= Relocation of professional sports teams in Australia and New Zealand =

Relocation of professional sports teams occurs when a team owner moves a team, generally from one metropolitan area to another, but occasionally between municipalities in the same conurbation. Australia and New Zealand uses a North American-style league franchise system which means the teams are overwhelmingly privately owned and therefore favours relocation practices. Owners who move a team generally do so seeking better profits, facilities, fan support, or a combination of these.

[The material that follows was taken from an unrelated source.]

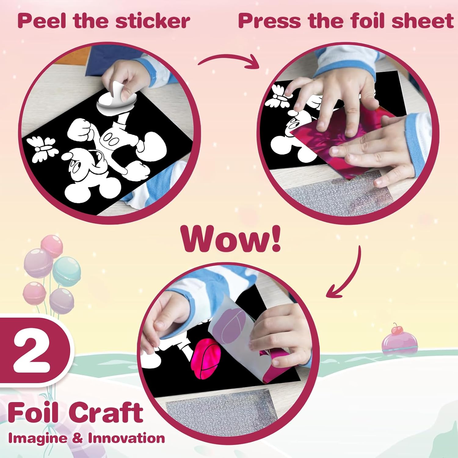 Easy to Use Foil Art Set: 1. Choose a pattern and peel off the protective film; 2. Use the shiny foil sheets to cover the sticky parts; 3. Press firmly and watch the magic!(Take care to use the correct side of the foil to stick to the sticky part. Foil art bulk is perfect to keep your kid busy and stimulate their creativity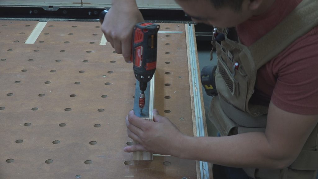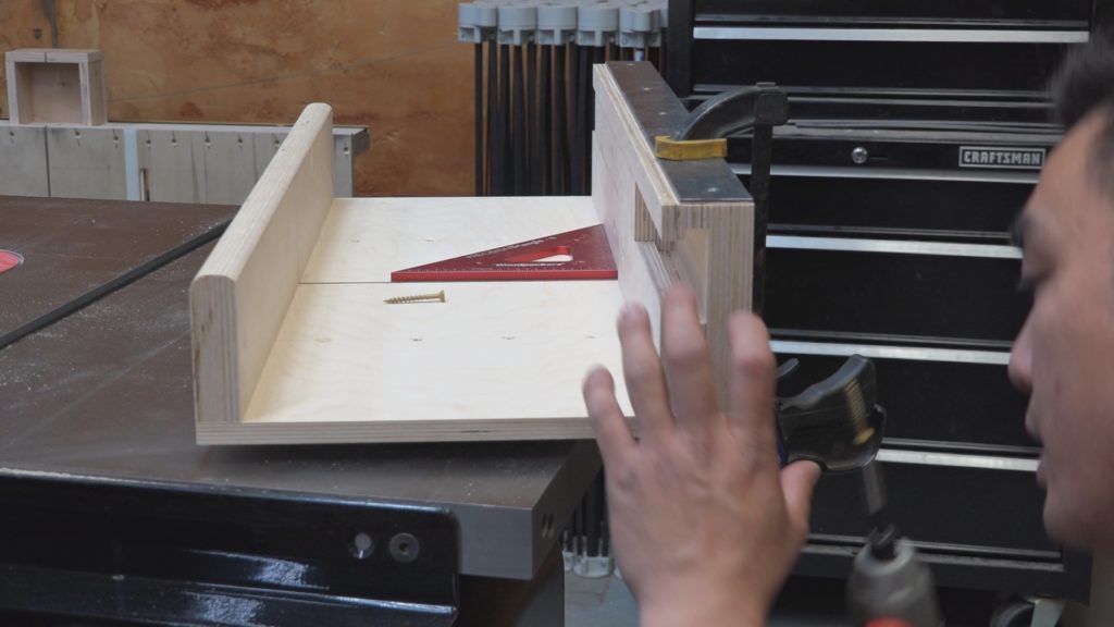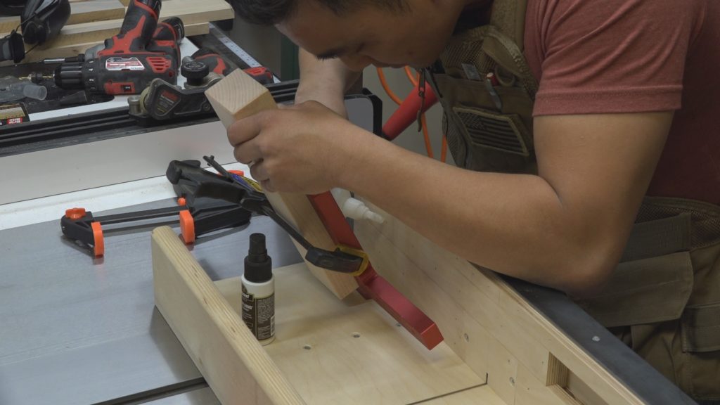 I make a partial kerf cut into the sled and use a precision triangle to square the back fence to the saw kerf within the sled. Once the fence is square I attach the fence with some 1-5/8” screws. I want to make sure the stop block is perpendicular to the fence and base of the sled. To do so, I attach a clamping square to the side of the hardwood stop block (Hard Maple). CA glue helps tack down the stop block to the moveable track. I then remove the track with the stop block and run several 1-5/8” screws through the back of the moveable track. Finally, I attach the corner bracket to the back of the stop block.

The two major professional sporting leagues in Australia are the Australian Football League (AFL) and National Rugby League (NRL). Both competitions were originally based in one city (Melbourne and Sydney respectively) and expanded to a national level, and through that process, there have been team moves, mergers and closures in both leagues. The clubs are owned by members, not privately, but the North American franchise model exists, which means entry to the league is restricted. The hybrid model has meant that the leading promoter of moving is the league itself, trying to grow the football code by encouraging poorly performing clubs to move interstate.

==AFL==
The AFL is the national competition in Australian rules football and grew out of the mostly suburban Melbourne based Victorian Football League competition; as a result, the member clubs have had to move to adjust to a changing national focus.

===Major interstate moves and mergers===
- South Melbourne Football Club: In 1982, it moved interstate to Sydney, 963 km north and became the Sydney Swans, after having relocated all of its home games to Sydney in 1982. Despite early struggles, the club has more than tripled its membership since, and has won premierships (championships) in 2005 and 2012.
- Fitzroy Football Club: In 1996, the Melbourne-based club merged its playing operations with the interstate Brisbane Bears, a club 1669 km north of its original home, forming a new club known as the Brisbane Lions. Since the merger, the Brisbane club almost doubled its membership and won three consecutive premierships between 2001 and 2003. The Fitzroy Football Club ceased fielding a team in professional competitions, but it continues as a standalone entity based at its traditional home, and has fielded a team in the amateur Victorian Amateur Football Association (VAFA) since 2009.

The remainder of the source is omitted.